*Your task*
Without changing a word, return the listing below, minus its images.

*Data provided*

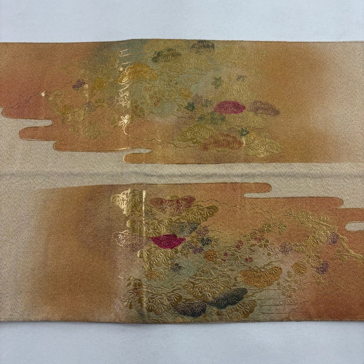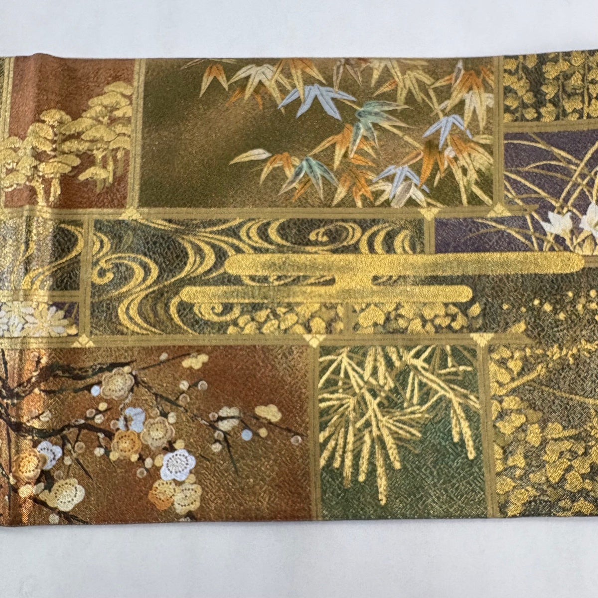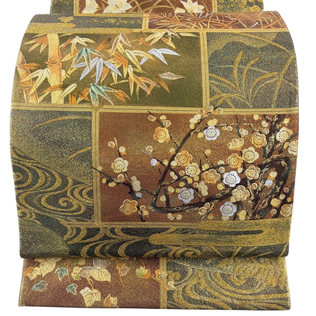 袋帯 秀品 松竹梅 流水 箔 金銀彩 金色 全通 正絹
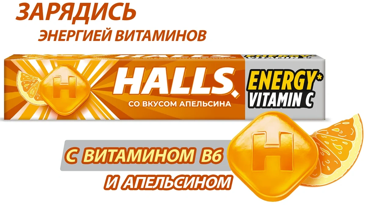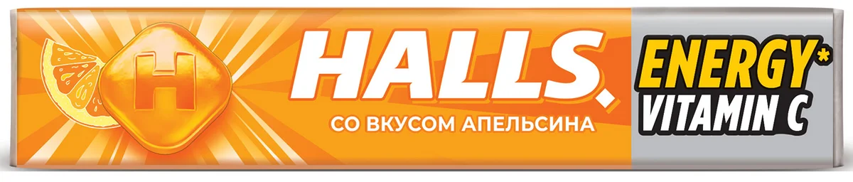 Карамель леденцовая Halls с витамином С и вкусом апельсина, 25г
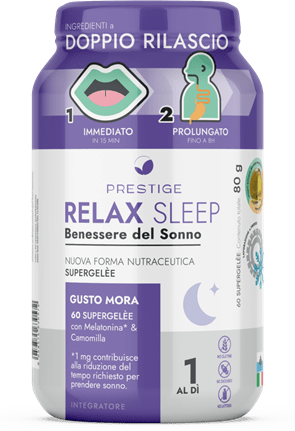 BESTSELLER RELAX SLEEP is a melatonin‑based supplement that helps reduce the time needed to fall asleep. Chamomile supports relaxation and mental well‑being, while vitamins B6 and C aid normal psychological function. Zinc completes the formula by supporting immune system function.

*Exercise answer*
 袋帯 秀品 松竹梅 流水 箔 金銀彩 金色 全通 正絹
 Карамель леденцовая Halls с витамином С и вкусом апельсина, 25г
 BESTSELLER RELAX SLEEP is a melatonin‑based supplement that helps reduce the time needed to fall asleep. Chamomile supports relaxation and mental well‑being, while vitamins B6 and C aid normal psychological function. Zinc completes the formula by supporting immune system function.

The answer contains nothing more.